● Given entries

%%

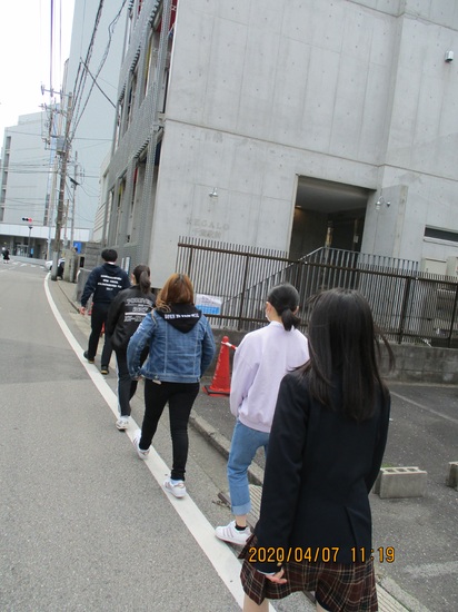 ガイダンス終了後は,避難訓練の一環として,キャンパス内の避難経路を確認後,地域の避難場所である千葉市立弁天小学校まで,実際に徒歩で練習しました。
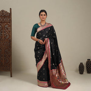 Black - 3pc Bangalore Silk Paithani Dress Material 06
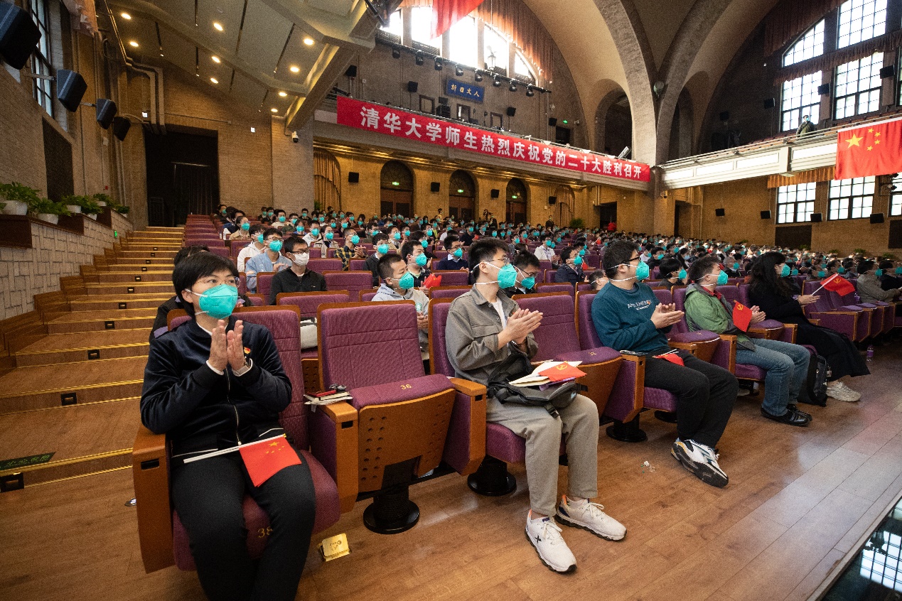为第一时间学习党的二十大会议精神,各院系部处分别组织教职工和学生收看、收听开幕会直播。在这个举世瞩目的重要时刻,清华师生在校园各个会场内相约屏幕前,共同观看时代盛会、热议祖国未来、激发报国情怀。
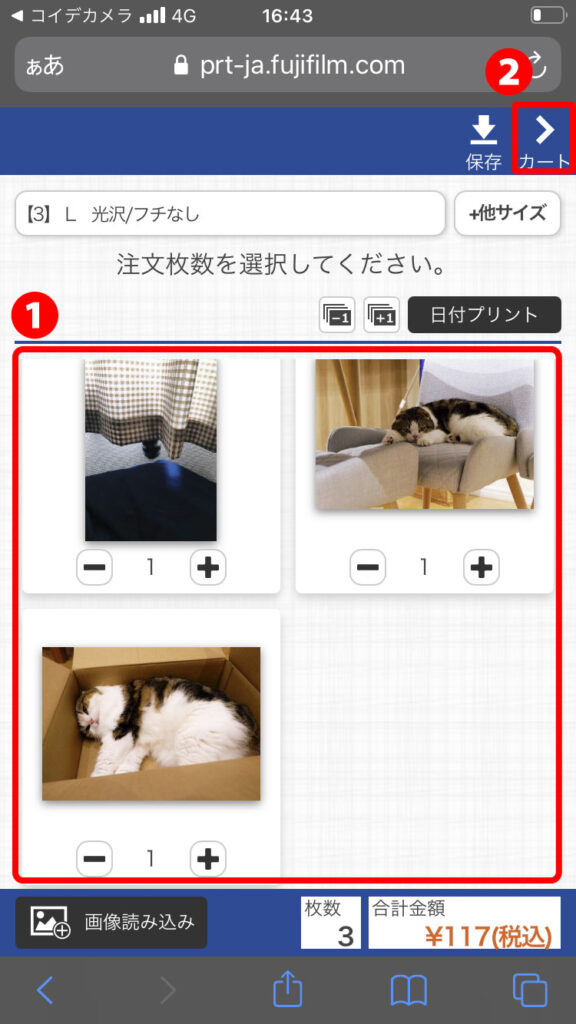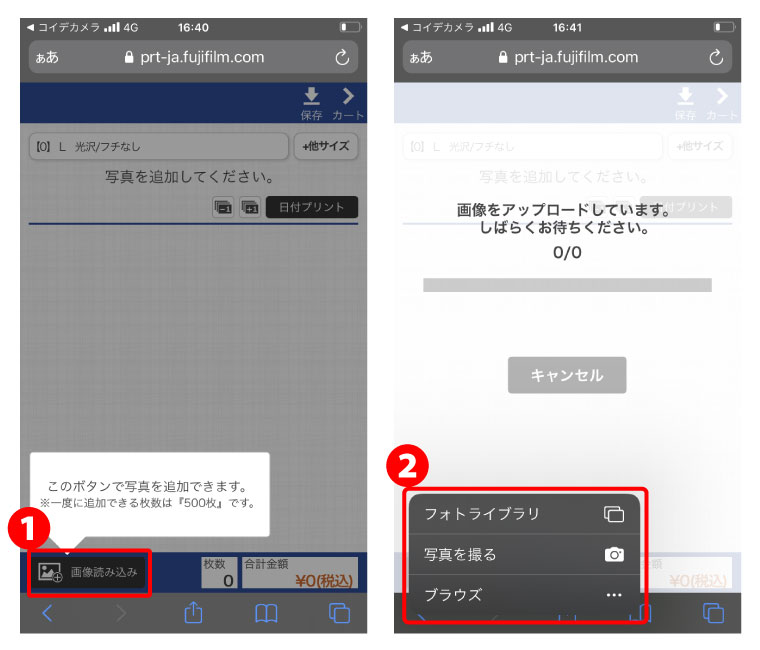 ※写真を複数選択してるのに、1コマしかアップロードされない場合は、こちらの対処法をご確認ください。
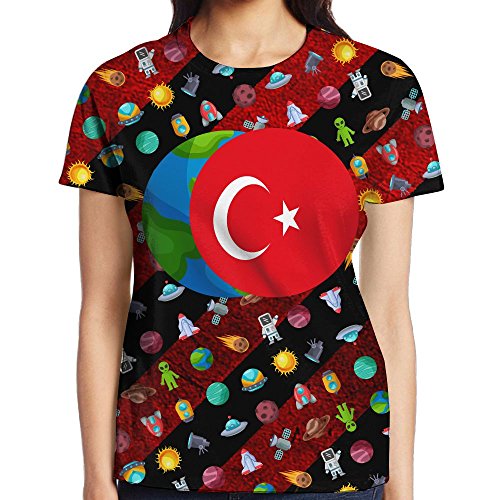 (AAAPlus)/Accessories/Hats/DIRECT FROM USA/AAAPlus Turkey Flag Women's T-Shirt Round Neck Colorful 3D Printed Funny Fashion T Shirt Tee Shirt
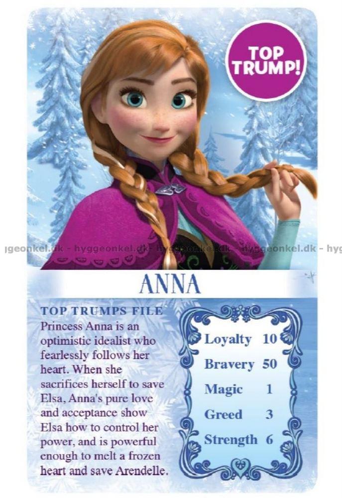Denna utgåva av Top Trumps handlar om karaktärerna i Disney-filmen Frost (Frozen).
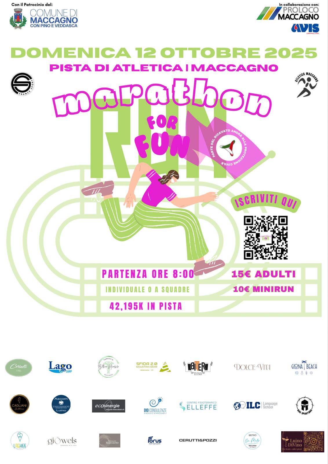 Domenica 12 ottobre 2025 ci troviamo a Maccagno per un evento unico: la Marathon RUNFORFUN, non competitiva, inclusiva e benefica.
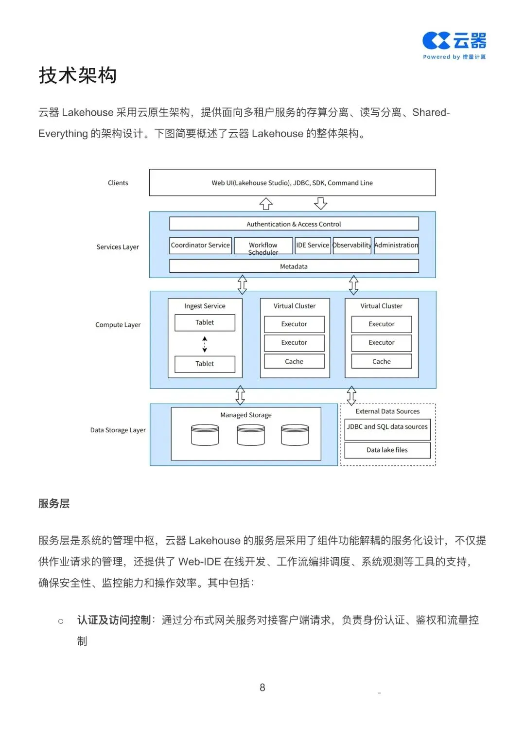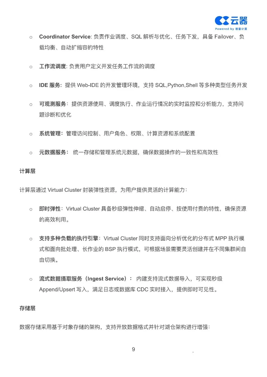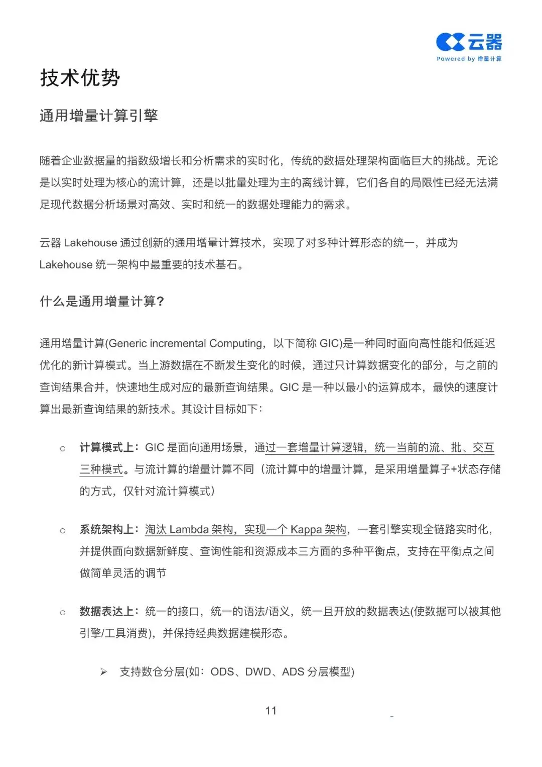 云器科技是一家多云及一体化的数据平台提供商。公司成立于20021年,首创了基于通用增量计算的"Single-Engine"为核心理念的湖仓平台--云器Lakehouse。云器Lakehouse使用SingleEngine统一流、批和交互分析,打破了传统数据平台数据冗余利多组件拼装的复杂架构限制,以一体化设计创新和卓越性能助力企业提升数据处理效率和协作能力、快速且经济地推动业务决策。
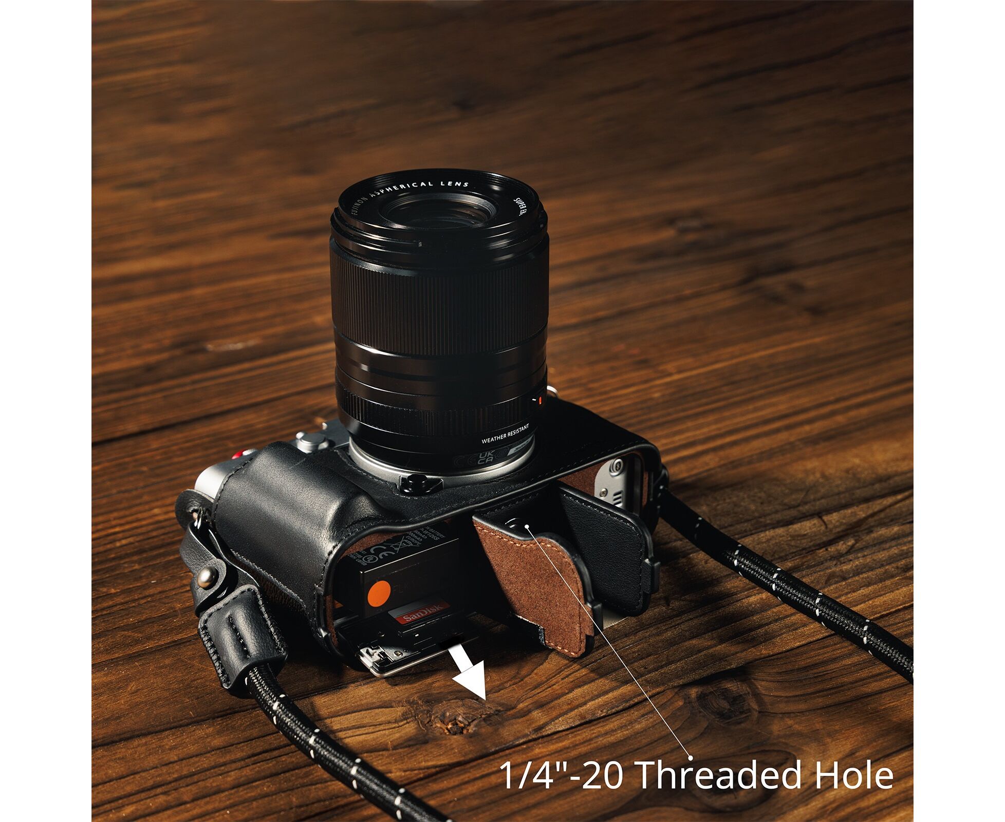 Fabricada em pele premium de primeira qualidade, a capa oferece uma durabilidade e respirabilidade excecionais, complementadas por uma estética retro distinta. A pega de espuma integrada aumenta a estabilidade e o conforto durante a utilização, enquanto o forro de camurça de microfibra protege a câmara eficazmente contra riscos.

%%

● Problem details
From the line with "Domenica 12 ottobre" through the end of the listing, write out every line exactly, leaving out the pictures.

● Task answer
 Domenica 12 ottobre 2025 ci troviamo a Maccagno per un evento unico: la Marathon RUNFORFUN, non competitiva, inclusiva e benefica.
 云器科技是一家多云及一体化的数据平台提供商。公司成立于20021年,首创了基于通用增量计算的"Single-Engine"为核心理念的湖仓平台--云器Lakehouse。云器Lakehouse使用SingleEngine统一流、批和交互分析,打破了传统数据平台数据冗余利多组件拼装的复杂架构限制,以一体化设计创新和卓越性能助力企业提升数据处理效率和协作能力、快速且经济地推动业务决策。
 Fabricada em pele premium de primeira qualidade, a capa oferece uma durabilidade e respirabilidade excecionais, complementadas por uma estética retro distinta. A pega de espuma integrada aumenta a estabilidade e o conforto durante a utilização, enquanto o forro de camurça de microfibra protege a câmara eficazmente contra riscos.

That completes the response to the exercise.